The Dow Jones Industrial Average closed lower, as did Nasdaq and the S&P 500.

Volume is expected to be low again next week, but there will be manufacturing and new home sales data to examine, as well as weekly jobless claims and oil inventories.

The drug retail sector was a bright spot, helped by strength in shares of Walgreen . The nation's largest drugstore chain by revenue reported better-than-expected first quarter profits, 25% higher than a year ago.

Traders said recent weakness in prices of commodities such as copper and a decline in the Dow Jones transportation average renewed concerns about slower growth, according to Reuters.

Dow laggards include Boeing , Dupont and JP Morgan.

Some traders felt the drop in the markets just before the end of the year is nothing to fret about.

"Just Profit-Taking"

"This is nothing significant at all," Peter Costa, Senior Managing Director with Lipari Partners, told cnbc.com. "We had a good year and a lot of this is just profit-taking, people repositioning their portfolios and saving the profits."

U.S. consumer sentiment fell in December, but the drop was less than Wall Street expected. The University of Michigan said its consumer sentiment index declined to 91.7 in December from 92.1 in November.  Analysts were looking for a reading of 90.2.

The government reported that orders for durable goods rose 1.9% in November, beating economists' estimates.
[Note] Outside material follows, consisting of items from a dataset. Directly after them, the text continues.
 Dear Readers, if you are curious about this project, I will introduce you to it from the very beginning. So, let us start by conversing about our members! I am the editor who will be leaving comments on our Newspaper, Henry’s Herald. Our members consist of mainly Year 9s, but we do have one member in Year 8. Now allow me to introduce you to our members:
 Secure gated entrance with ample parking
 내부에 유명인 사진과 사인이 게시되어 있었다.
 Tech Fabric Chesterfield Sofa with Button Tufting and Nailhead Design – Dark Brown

Durable orders plunged 8.2% in October.

Personal income rose 0.3% in November and spending increased 0.5%.  However, the core PCE price index--one of the Federal Reserve's favorite inflation gauges, personal consumption expenditures excluding food and energy--was unchanged. Economists predicted a 0.2% rise in the core PCE index.
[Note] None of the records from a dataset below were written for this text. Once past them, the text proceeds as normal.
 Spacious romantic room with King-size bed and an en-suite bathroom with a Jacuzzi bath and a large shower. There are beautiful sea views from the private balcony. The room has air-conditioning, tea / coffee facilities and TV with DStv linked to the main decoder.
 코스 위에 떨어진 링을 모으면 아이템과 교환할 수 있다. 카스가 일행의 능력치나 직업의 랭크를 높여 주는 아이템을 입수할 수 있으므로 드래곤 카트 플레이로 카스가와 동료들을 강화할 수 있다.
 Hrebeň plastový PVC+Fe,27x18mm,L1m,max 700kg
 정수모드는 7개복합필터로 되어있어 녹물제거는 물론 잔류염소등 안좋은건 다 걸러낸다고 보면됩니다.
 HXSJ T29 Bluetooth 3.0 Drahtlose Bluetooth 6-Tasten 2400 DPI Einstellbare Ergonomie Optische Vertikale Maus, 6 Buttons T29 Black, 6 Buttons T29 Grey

It's official - Liberty Media has agreed to swap its stake in News Corp. for the largest stake in DirecTV.   News Corp. said it would exchange its 38.5% stake in the satellite television company for Liberty Media's 16.3% stake in News Corp.

Red Hat Higher

Shares of Red Hat were higher after the company posted quarterly earnings that beat the Street estimate.  The largest distributor of Linux open-source software reported a profit of $29.6 billion or 14 cents a share, above the 12 cents a share analysts were expecting.

Oracle is a significant competitor, however Red Hat CEO Matt Szulick, appearing on CNBC's "Squawk Box," said his company's positive performance reflects a preference for an "open, transparent, collaborative" model rather than the closed model of older software companies.

"I think open-source software represents not just new technology, but a new and collaborative way to deliver value to large global customers," said Szulick "When you look at the results, 12,000 new customers in the quarter, 25 customers renewed, just really fantastic growth at the deferred revenue line. All of these, I think, is indicative of the young company responding to competitive challenge."

The former chief executive of Pfizer will get all of his retirement package after all.  In a regulatory filing, the company says Henry McKinnell will receive a total of $199 million, which includes pension, deferred compensation and other cash and stock that was due him under his contract.  McKinnell was forced into early retirement in part due to investor anger over his lucrative pension package.

Blackberry maker Research In Motion reported strong subscriber growth in the third quarter and offered revenue guidance well above analysts' expectations.  Shares started the session in positive territory, but turned lower.

European Markets End Mostly Lower

London's FTSE-100 closed up slightly in a shortened holiday session, while Frankfurt's DAX and the CAC-40 in Paris declined.

Tokyo Ends on a High Note

Stocks finished stronger in Japan. Tokyo's Nikkei 225 Average closed higher as investors locked in profits on recent gainers including Sony ahead of holidays overseas.